Don’t panic about China’s new nuclear capabilities

Commercial satellite photos show work underway at what experts describe as construction sites for missile silos for China’s most advanced intercontinental ballistic missiles. Some 119 construction sites have been spotted in a desert plain west of the Chinese city of Yumen. (Planet and the James C. Martin Center for Nonproliferation Studies at the Middlebury Institute of International Studies)
Commercial satellite photos show work underway at what experts describe as construction sites for missile silos for China’s most advanced intercontinental ballistic missiles. Some 119 construction sites have been spotted in a desert plain west of the Chinese city of Yumen. (Planet and the James C. Martin Center for Nonproliferation Studies at the Middlebury Institute of International Studies)

Wednesday morning, new evidence emerged that China is expanding its nuclear arsenal. Specifically, researchers at the Center for Nonproliferation Studies have identified the construction of about 119 new silos, most likely for China’s latest intercontinental ballistic missile, known as the DF-41. Previously, only 16 silos at a different site had been identified.
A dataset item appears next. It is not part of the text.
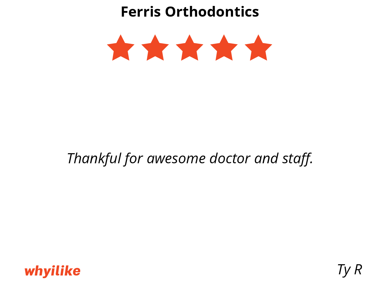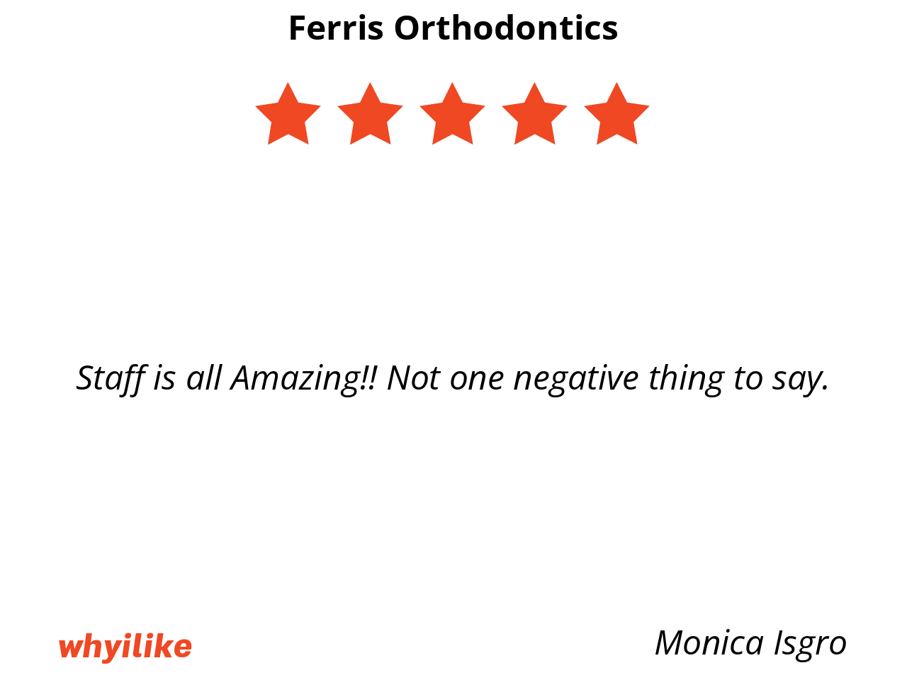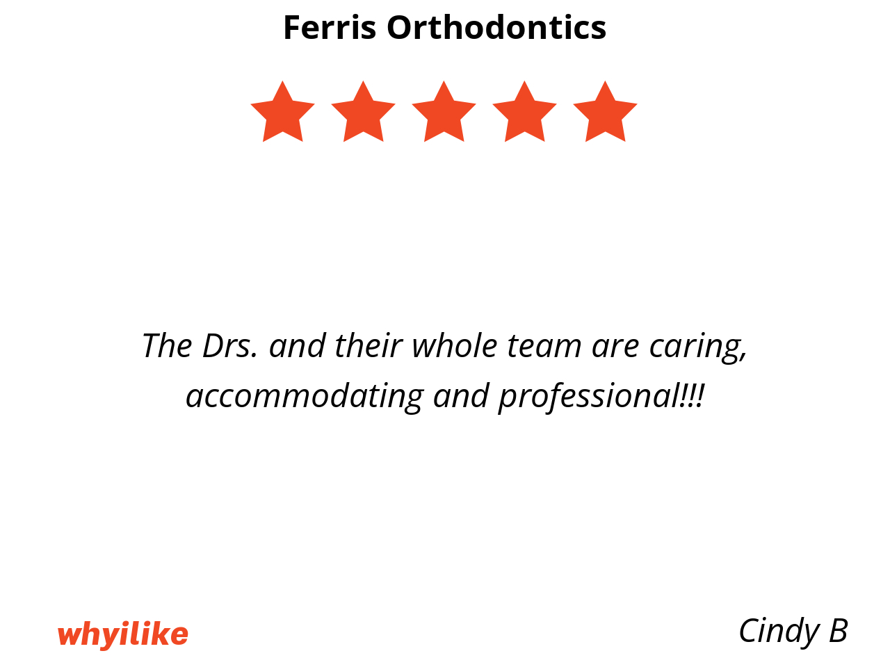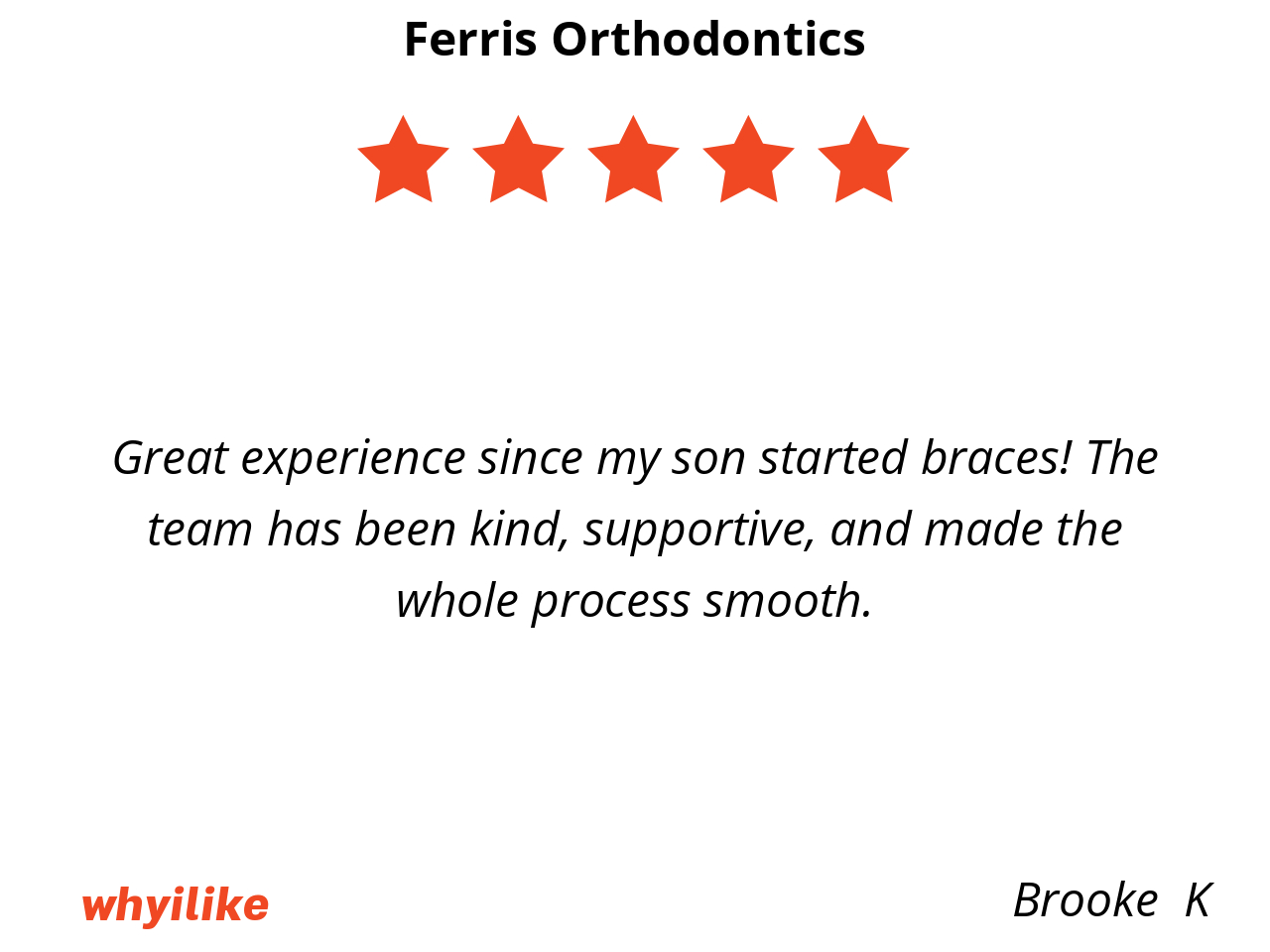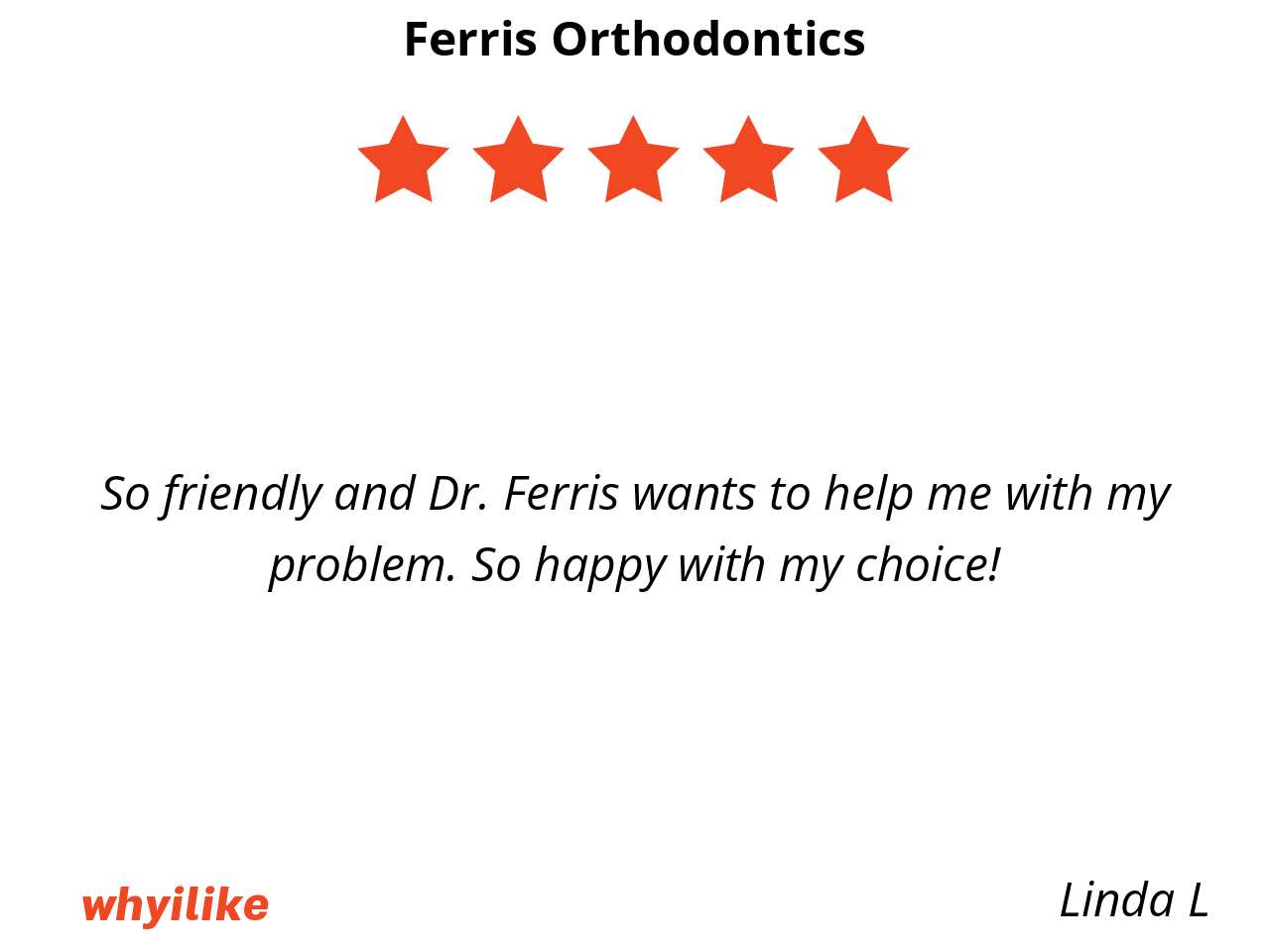 Y’all are fast and whenever the kids need to be seen last minute you guys always fit us in! Love Ferris orthodontics!

The news is likely to fuel the narrative that China is expanding its nuclear capabilities dramatically. But worst-case assumptions have usually been wrong when it comes to China’s nuclear weapons program. There are good reasons to suppose that they’ll also be off-the-mark in this case.

Here’s why you shouldn’t panic — especially since the U.S. government probably isn’t either.
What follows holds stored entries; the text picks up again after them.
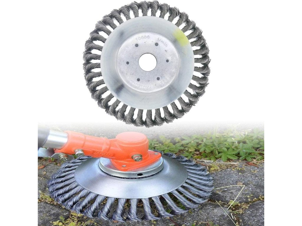 Dzięki ostrzu ze stali węglowej, ta niesamowita szczotka do usuwania chwastów z łatwością usunie chwasty, trawę oraz zarośla porastające płytki chodnikowe. Włosie na tarczy jest skręcone w kilkanaście szczotek.
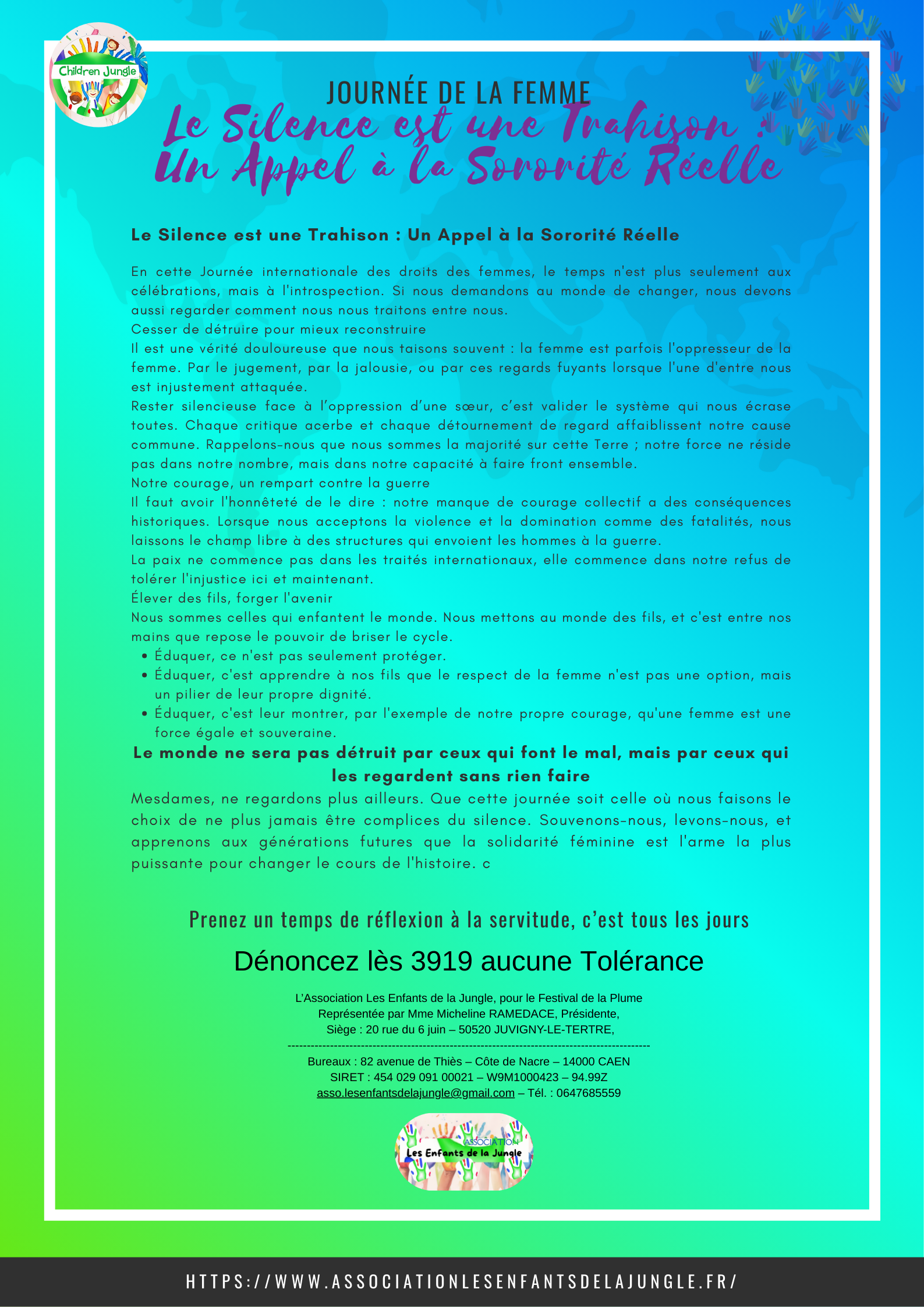 Ou contacter notre médiateur anonyme référent, par écrit ou téléphone : mediation.anonyme.assoledljungle@gmail.com
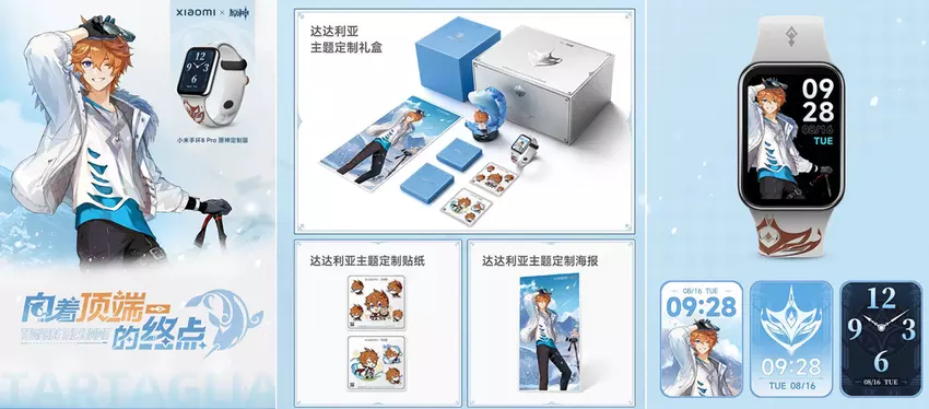Zestaw upominkowy dedykowany jest postaci Tartaglia. Bransoletka sportowa sprzedawana jest w pudełku prezentowym z rozszerzonym opakowaniem. Wewnątrz, oprócz samego gadżetu do noszenia, kupujący znajdą naklejki, plakat i figurkę postaci z Genshin Impact.
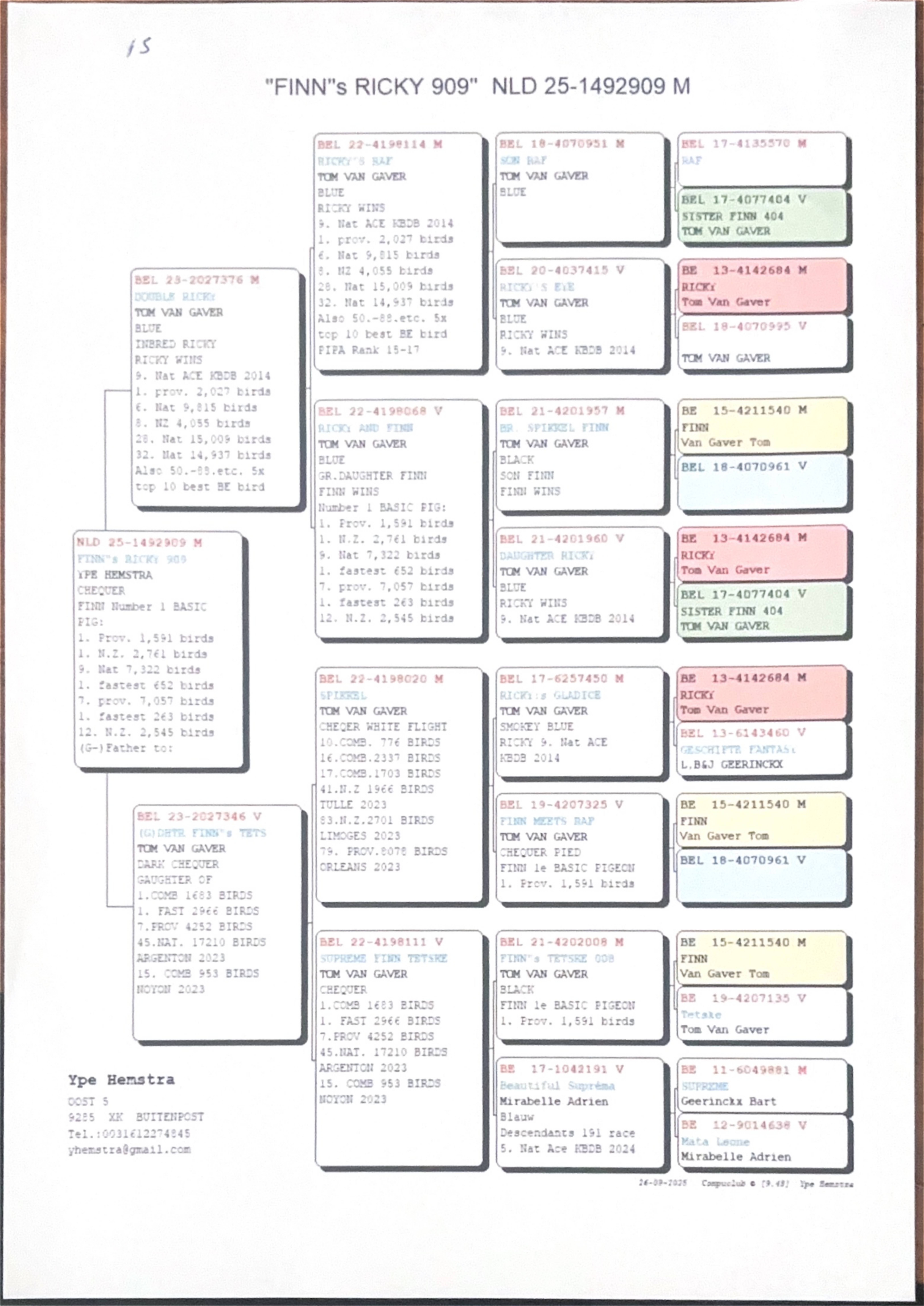 Ricky won 9th National Ace KBDB 2014, 6th National 9,815b, 8th Nat/Zone 4,055b, 28th National 15,009b, 32nd National 14,937b and he was 5 X top 10 best Belgium pigeon.

Yes, China is expanding its nuclear arsenal … but beware worst-case math.

It’s easy to see why this news might result in a furor.

Consider the possible math. China has a relatively small nuclear arsenal, with a warhead stockpile that currently numbers in the “low-200s” according to the Pentagon. For comparison, the United States possesses around 3,800 nuclear warheads, of which around 1,750 are deployed.

There are reports that the DF-41 can carry “up to 10” warheads. So, if China is building more than 100 new missile silos, each armed with a 10-warhead DF-41, worst-case thinking will lead to claims that China’s stockpile is set to increase by more than 1,000 warheads.

China’s missiles will probably carry less than 10 warheads each.

The Pentagon’s arithmetic appears to be different. In a September 2020 assessment, it states that “over the next decade, China’s nuclear warhead stockpile … is projected to at least double in size.” While this choice of words doesn’t totally preclude a quintupling, it gives the strong impression that the U.S. government expects slower and more modest growth.

How can this be?

To start with, the evidence that the DF-41 can carry 10 warheads is flimsy. According to the 2016 news story that appears to be basis for this claim, U.S. intelligence agencies assess that the missile can deliver “between six and 10 warheads.” Moreover, the story reports on two tests of the DF-41, in which the missile carried only two warheads.

Of course, it’s possible that the DF-41 has been tested with more warheads since 2016. However, the Pentagon’s most recent public assessment of China’s military capabilities, published in September 2020, declines to say how many warheads the DF-41 can carry — as does a public intelligence report of global missile threats from January of this year. So, be cautious about any confident predictions of the DF-41 capabilities.

Moreover, it’s entirely possible that China will follow Russia’s lead and deploy at least some of these missiles with just one large gliding reentry vehicle apiece.

Some new silos may be decoys with no missiles — as the U.S. planned during the Cold War.

There are even reasons to wonder whether every silo will be loaded with a missile.

China wants its nuclear forces to be survivable. It worries that the United States, in a conflict, might attack China’s nuclear forces preemptively (with conventional or nuclear weapons).

China has built a vast network of tunnels to help hide, and therefore protect, its relatively small force of mobile ICBMs. In a similar vein, some of the new silos may be dummies, intended to complicate U.S. targeting plans.

In fact, China may even plan to shuttle a small number of ICBMs among a much larger number of silos in a kind of “shell game.”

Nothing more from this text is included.